Deep Learning for Relation Extraction from Clinical Documents
Unstructured free-text medical notes are the only source for many critical facts in healthcare. As a result, accurate natural language processing (NLP) is a critical component of many healthcare AI applications such as clinical decision support, clinical pathway recommendation, cohort selection, patient risk or abnormality detection. Recent advances in deep learning for NLP have enabled a new level of accuracy and scalability for clinical language understanding, making a broad set of applications possible for the first time.
In the first part of the talk, Dr. Sharma will cover the deep learning techniques, explainability features, and how and where NLP pipeline architecture has been applied. She will provide a short overview of the key underlying technologies: Spark NLP for Healthcare, BERT embeddings and healthcare-specific embeddings. Then, she will describe how these were applied to tackle the challenges of a healthcare setting: understanding clinical terminology, extracting specialty-specific facts of interest, and using transfer learning to minimize the required amount of task-specific annotation. The use of MLflow and its integration with Spark NLP to track experiments and reproduce results will also be covered.

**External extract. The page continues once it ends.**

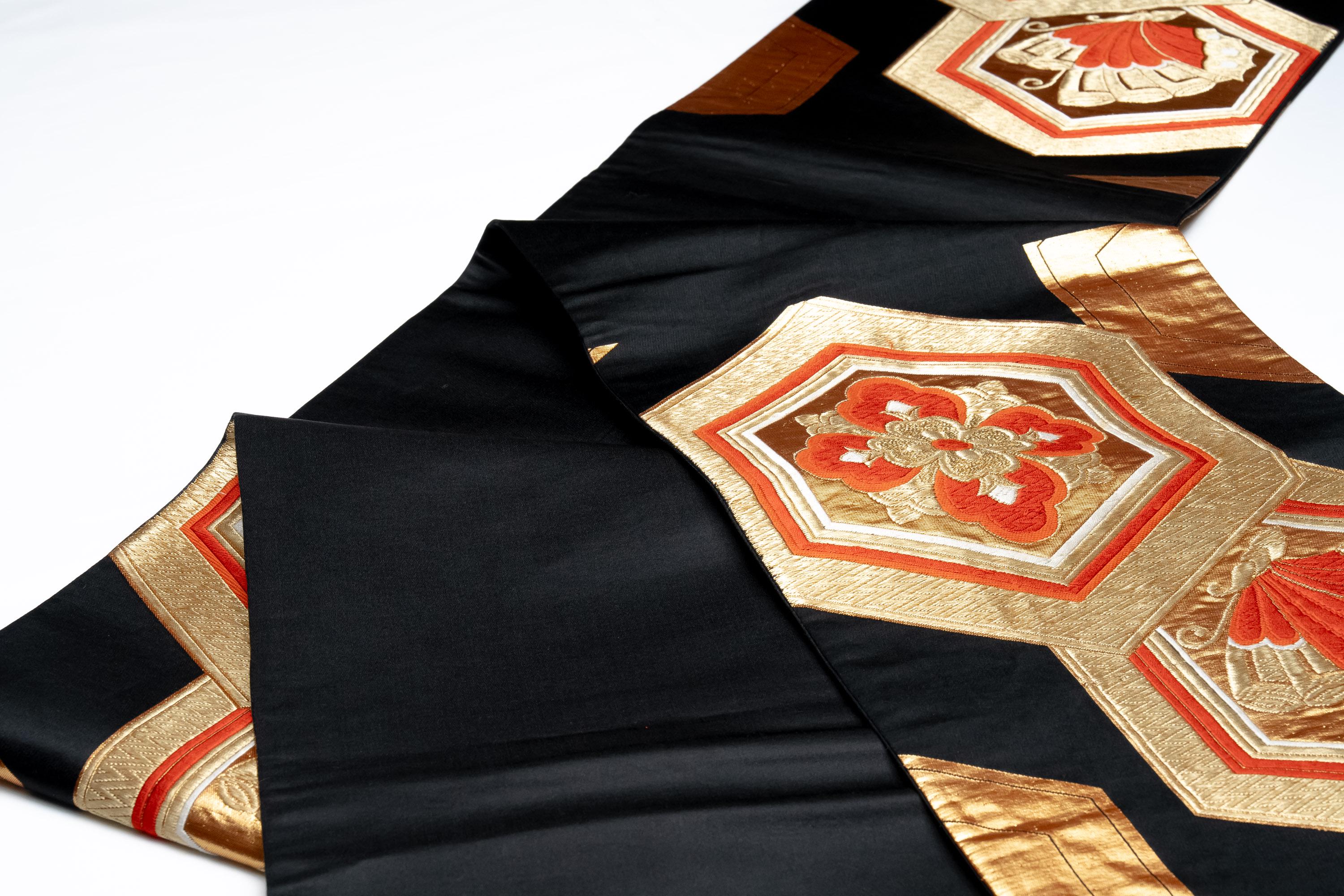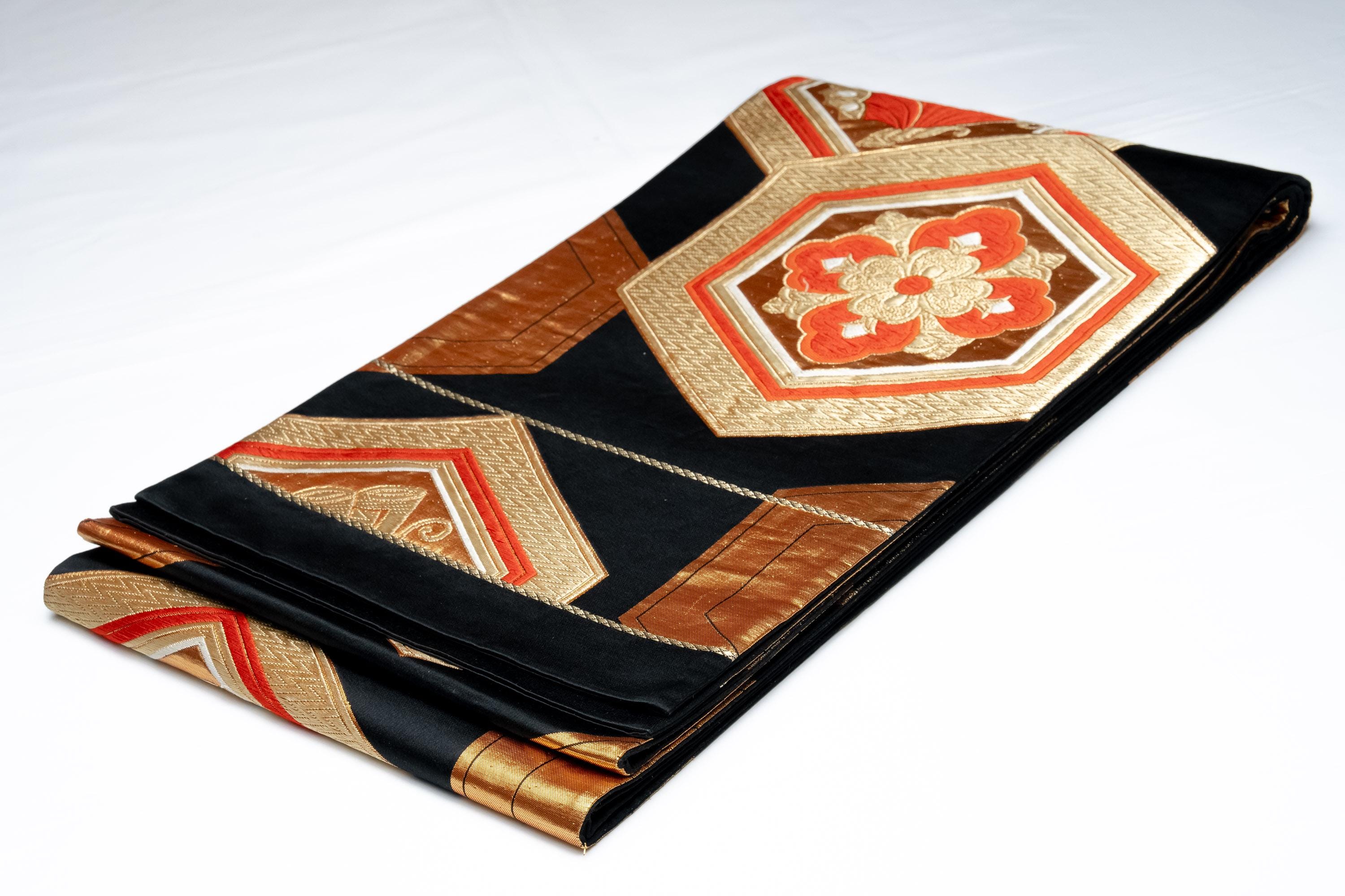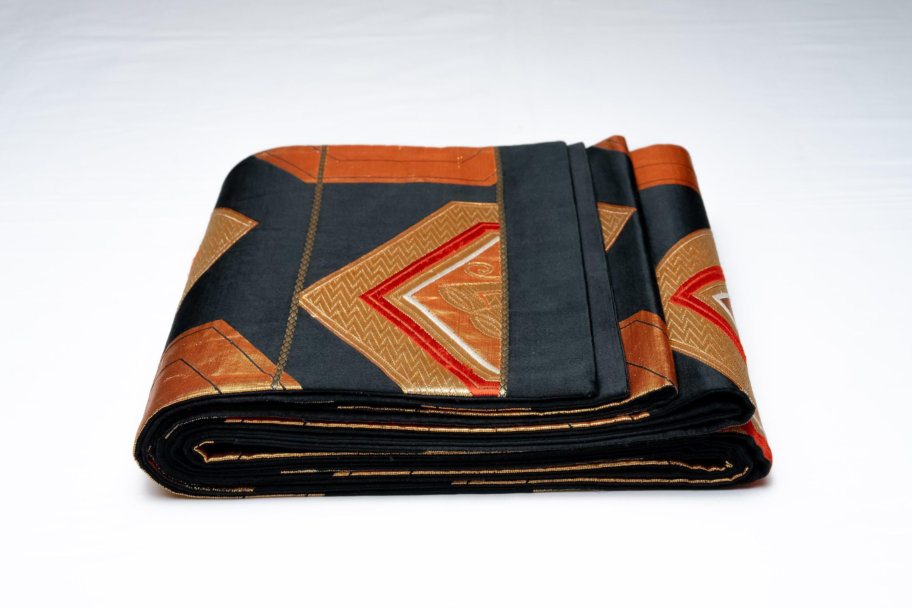 Fukuro Obi is a full-size sash belt that wraps around the torso in women's formal Kimono wearing. It is wider, longer and heavier than other informal Obis and serves the purpose of keeping the Kimono front closed securely, drawing up excess fabric to adjust the length of Kimono, and decorative expressions.

In the second part of the talk, Dr. Sharma will cover automated deep learning, the system’s ability to train, tune and measure models once clinical annotators add or correct labeled data. She will cover the annotation process and guidelines; why automation was required to handle the variety in clinical language across providers, document types, and geographies; and how this works in practice. She will also share how Roche applies Spark NLP for healthcare to extract clinical knowledge from pathology, radiology, and genomics reports.
Principal Data Scientist at Roche
Vishakha Sharma is a Principal Data Scientist in Roche diagnostics information solutions, where she leads advanced analytics initiatives such as natural language processing (NLP) and machine learning (ML) to discover key insights improving NAVIFY product portfolio, leading to better and more efficient patient care. Vishakha has authored 40+ peer-reviewed publications and proceedings and has given 15+ invited talks. She serves in top international scientific and technical program committees, and panels in AI/ML/NLP conferences (including NeurIPS, ICLR, AMIA). Her research work has been funded by the NIH Big Data to Knowledge (BD2K) initiative to build an NLP precision medicine software. Vishakha is a senior member of the Association for Computing Machinery (ACM) and Institute of Electrical and Electronics Engineers (IEEE). She holds a Ph.D. in computer science.